There are three forms of plague, each affecting a different part of the body and causing associated symptoms.
- Bubonic plague affects the lymph nodes, making them swell
- Septicemic plague infects the blood and can cause tissues to turn black and die.
- Pneumonic plague infects the lungs, causing shortness of breath, coughing and chest pain

- Bubonic plague
Swollen inguinal lymph glands on a person infected with the bubonic plague.
The swollen lymph glands are termed buboes from the Greek word for groin, swollen gland: bubo.

When a flea bites a human and contaminates the wound with regurgitated blood, the plague-causing bacteria are passed into the tissue.
Y. pestis can reproduce inside cells, so even if phagocytosed, they can still survive. Once in the body, the bacteria can enter the lymphatic system, which drains interstitial fluid.
Plague bacteria secrete several toxins, one of which is known to cause beta-adrenergic blockade.
Y. pestis spreads through the lymphatic vessels of the infected human until it reaches a lymph node, where it causes acute lymphadenitis.
The swollen lymph nodes form the characteristic buboes associated with the disease, and autopsies of these buboes have revealed them to be mostly hemorrhagic or necrotic.
If the lymph node is overwhelmed, the infection can pass into the bloodstream, causing secondary septicemic plague and if the lungs are seeded, it can cause secondary pneumonic plague.

- Septicemic plague
Lymphatics ultimately drain into the bloodstream, so the plague bacteria may enter the blood and travel to almost any part of the body.
In septicemic plague, bacterial endotoxins cause disseminated intravascular coagulation (DIC), causing tiny clots throughout the body and possibly ischemic necrosis (tissue death due to lack of circulation/perfusion to that tissue) from the clots.
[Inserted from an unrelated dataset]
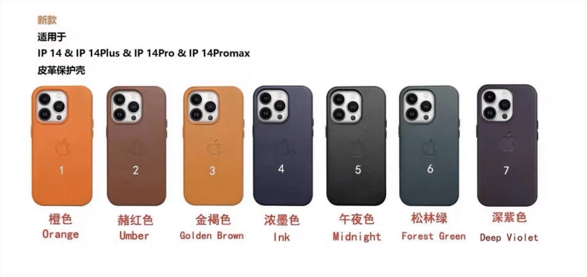 @majin buTwitterでMagsafeを含む新しいiPhone 14 Proレザーケースの今後の春のコレクションの共有された写真を共有した写真は、新しい金色の茶色と深いバイオレットの色を含むUmbre、Forest Green、Ink、Midnight、およびOrgane Color Leatherケース。

DIC results in depletion of the body's clotting resources so that it can no longer control bleeding.
Consequently, there is bleeding into the skin and other organs, which can cause red and/or black patchy rash and hemoptysis/hematemesis (coughing up/ vomiting of blood).
There are bumps on the skin that look somewhat like insect bites; these are usually red, and sometimes white in the centre.
Untreated, the septicemic plague is usually fatal.
Early treatment with antibiotics reduces the mortality rate to between 4 and 15 per cent.

- Pneumonic plague
The pneumonic form of plague arises from infection of the lungs.
It causes coughing and thereby produces airborne droplets that contain bacterial cells and are likely to infect anyone inhaling them.
The incubation period for pneumonic plague is short, usually two to four days, but sometimes just a few hours.
The initial signs are indistinguishable from several other respiratory illnesses; they include headache, weakness, and spitting or vomiting of blood.
The course of the disease is rapid; unless diagnosed and treated soon enough, typically within a few hours, death may follow in one to six days; in untreated cases, mortality is nearly 100%.

♦ Cause
The bubonic and septicemic forms are generally spread by flea bites or handling an infected animal, whereas pneumonic plague is generally spread between people through the air via infectious droplets.
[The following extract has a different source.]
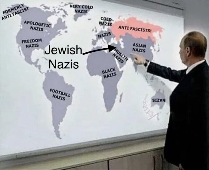 Но, по утверждению российской пропаганды, в Украине имеет место быть украино-еврейский нацизм, направленный исключительно против русских, - такая себе боевая русофобия.

The Oriental rat flea (Xenopsylla cheopis) engorged with blood after a blood meal. This species of flea is the primary vector for the transmission of Yersinia pestis, the organism responsible for bubonic plague in most plague epidemics in Asia, Africa, and South America.
Both male and female fleas feed on blood and can transmit the infection.
A child bitten by a flea infected with the bacterium Yersinia pestis.
Y. pestis, a member of the family Yersiniaceae, has caused the bite to become ulcerated.

Transmission of Y. pestis to an uninfected individual is possible by any of the following means:
* droplet contact – coughing or sneezing on another person
* direct physical contact;– touching an infected person, including sexual contact
* indirect contact – usually by touching soil contamination or a contaminated surface
* airborne transmission – if the microorganism can remain in the air for long periods
* fecal-oral transmission – usually from contaminated food or water sources
* vector borne transmission – carried by insects or other animals.

Contrary to popular belief, rats did not directly start the spread of the bubonic plague.
It is mainly a disease in the fleas (Xenopsylla cheopis) that infested the rats, making the rats themselves the first victims of the plague.
Rodent-borne infection in a human occurs when a person is bitten by a flea that has been infected by biting a rodent that itself has been infected by the bite of a flea carrying the disease.
The bacteria multiply inside the flea, sticking together to form a plug that blocks its stomach and causes it to starve. The flea then bites a host and continues to feed, even though it cannot quell its hunger, and consequently, the flea vomits blood tainted with the bacteria back into the bite wound.
The bubonic plague bacterium then infects a new person and the flea eventually dies from starvation. Serious outbreaks of plague are usually started by other disease outbreaks in rodents or a rise in the rodent population.

♦ Diagnosis
Diagnosis is typically by finding the bacterium in fluid from a lymph node, blood or sputum.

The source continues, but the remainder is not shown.